### Work to be completed
Output exactly, in the material below, the lines from the one with "inch (5 millimeter)" through the one with "U.S.S. Oregon, cheering". Omit all pictures.

### Available data
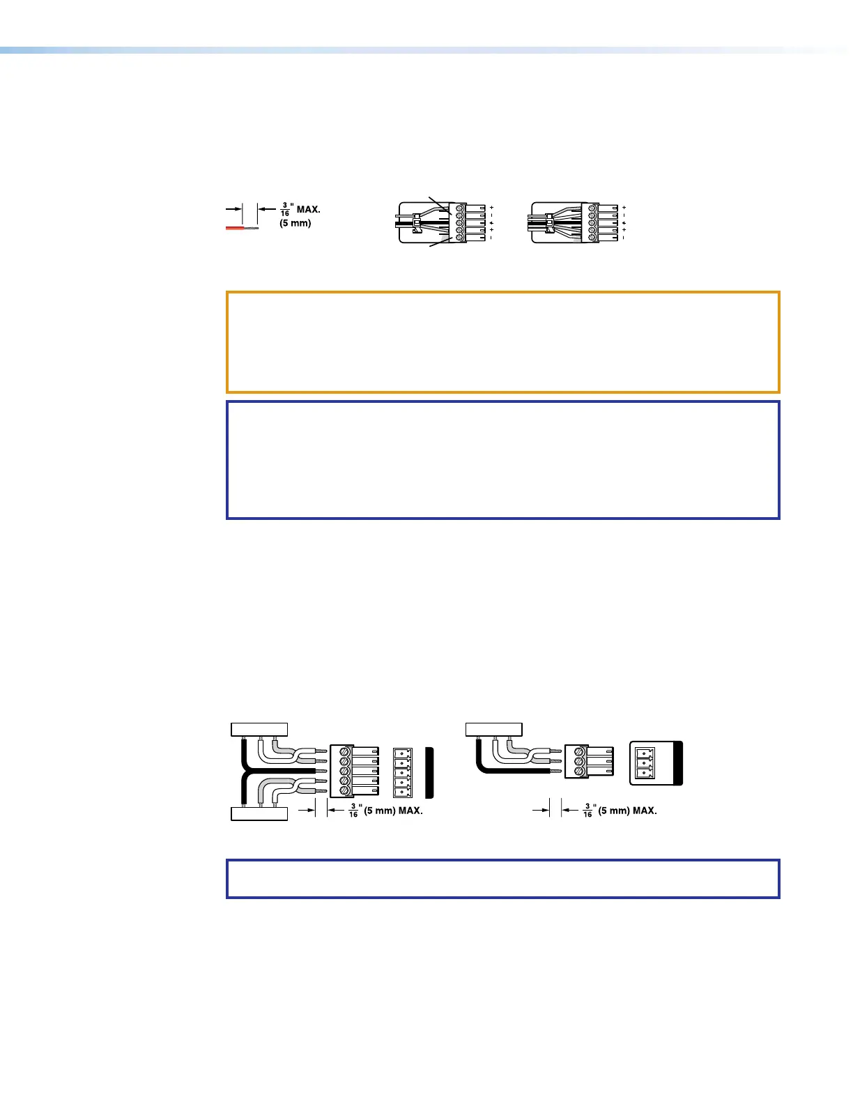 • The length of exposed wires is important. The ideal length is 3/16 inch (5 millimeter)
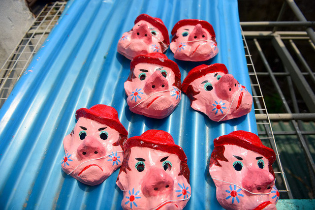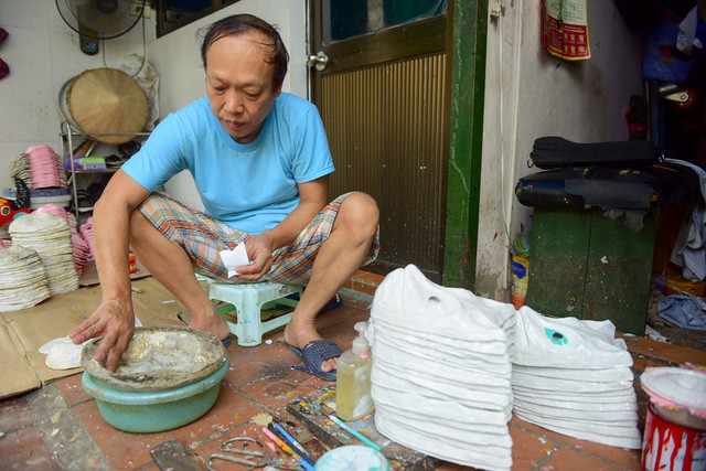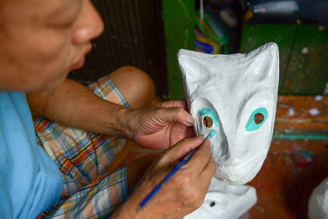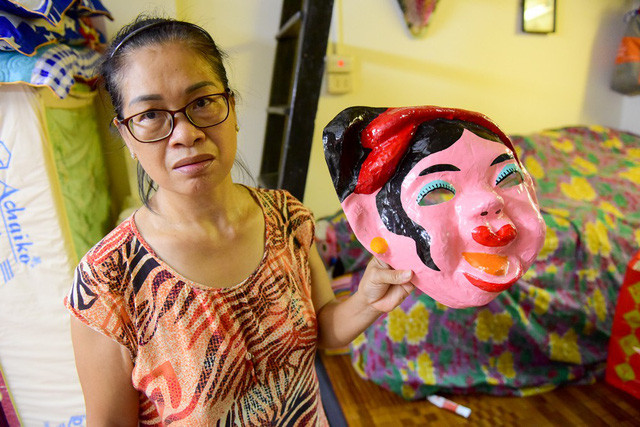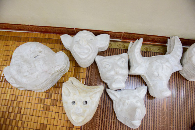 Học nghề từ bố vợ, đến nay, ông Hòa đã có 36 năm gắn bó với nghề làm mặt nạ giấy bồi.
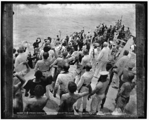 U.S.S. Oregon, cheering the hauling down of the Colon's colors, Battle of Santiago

==

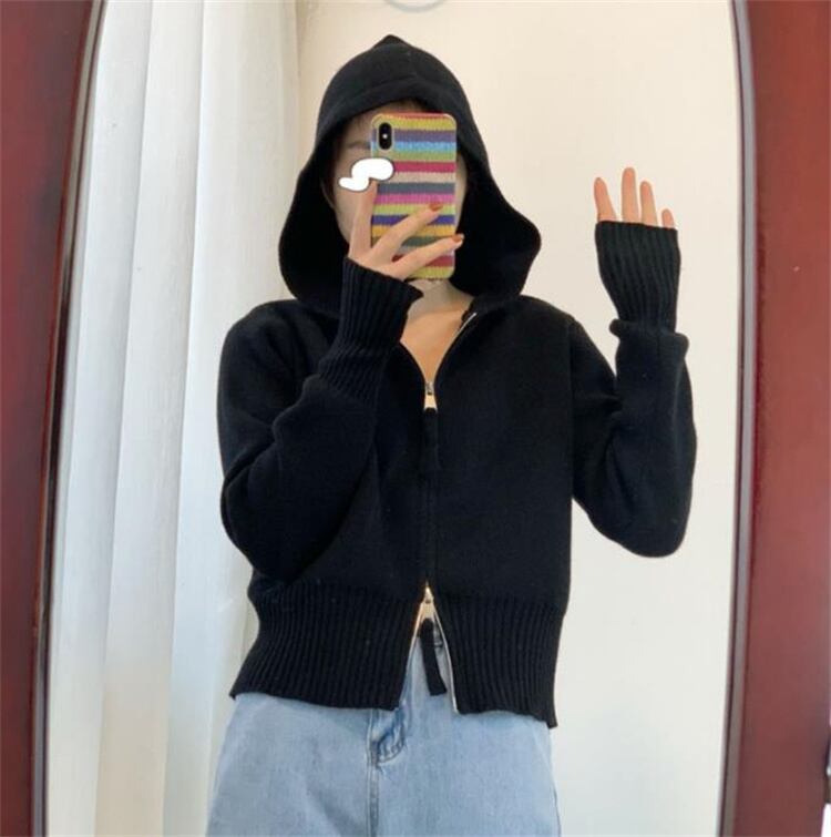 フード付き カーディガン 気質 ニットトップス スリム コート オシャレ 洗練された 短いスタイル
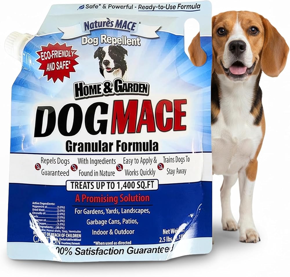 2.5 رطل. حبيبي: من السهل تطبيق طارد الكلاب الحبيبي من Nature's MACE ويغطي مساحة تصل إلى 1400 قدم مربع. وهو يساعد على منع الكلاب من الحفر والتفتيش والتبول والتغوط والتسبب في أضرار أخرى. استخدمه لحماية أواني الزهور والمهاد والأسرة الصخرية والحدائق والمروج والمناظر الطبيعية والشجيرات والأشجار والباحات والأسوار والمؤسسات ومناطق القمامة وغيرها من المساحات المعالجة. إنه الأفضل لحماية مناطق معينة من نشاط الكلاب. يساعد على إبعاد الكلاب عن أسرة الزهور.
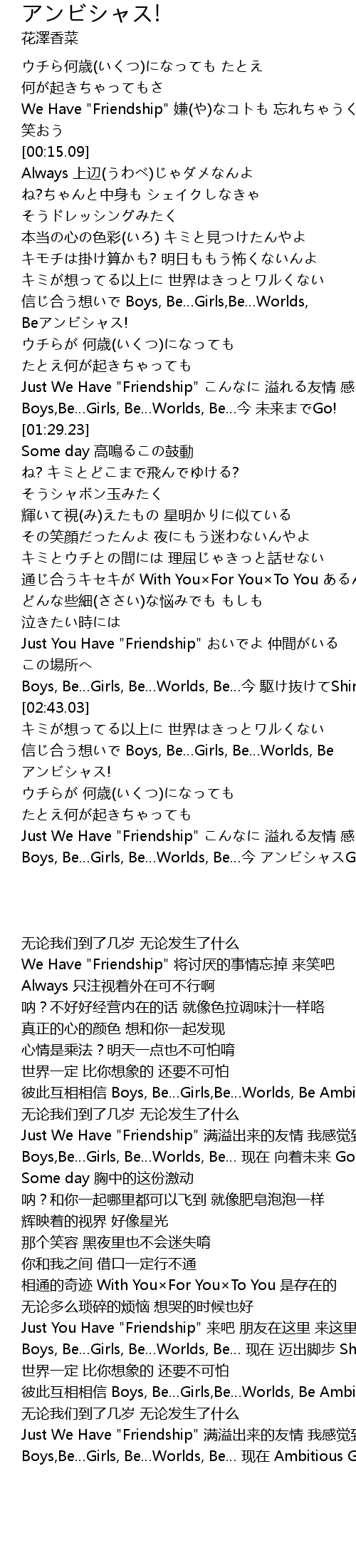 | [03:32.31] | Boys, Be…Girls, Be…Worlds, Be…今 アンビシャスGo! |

### Reply
 • The length of exposed wires is important. The ideal length is 3/16 inch (5 millimeter)
 Học nghề từ bố vợ, đến nay, ông Hòa đã có 36 năm gắn bó với nghề làm mặt nạ giấy bồi.
 U.S.S. Oregon, cheering the hauling down of the Colon's colors, Battle of Santiago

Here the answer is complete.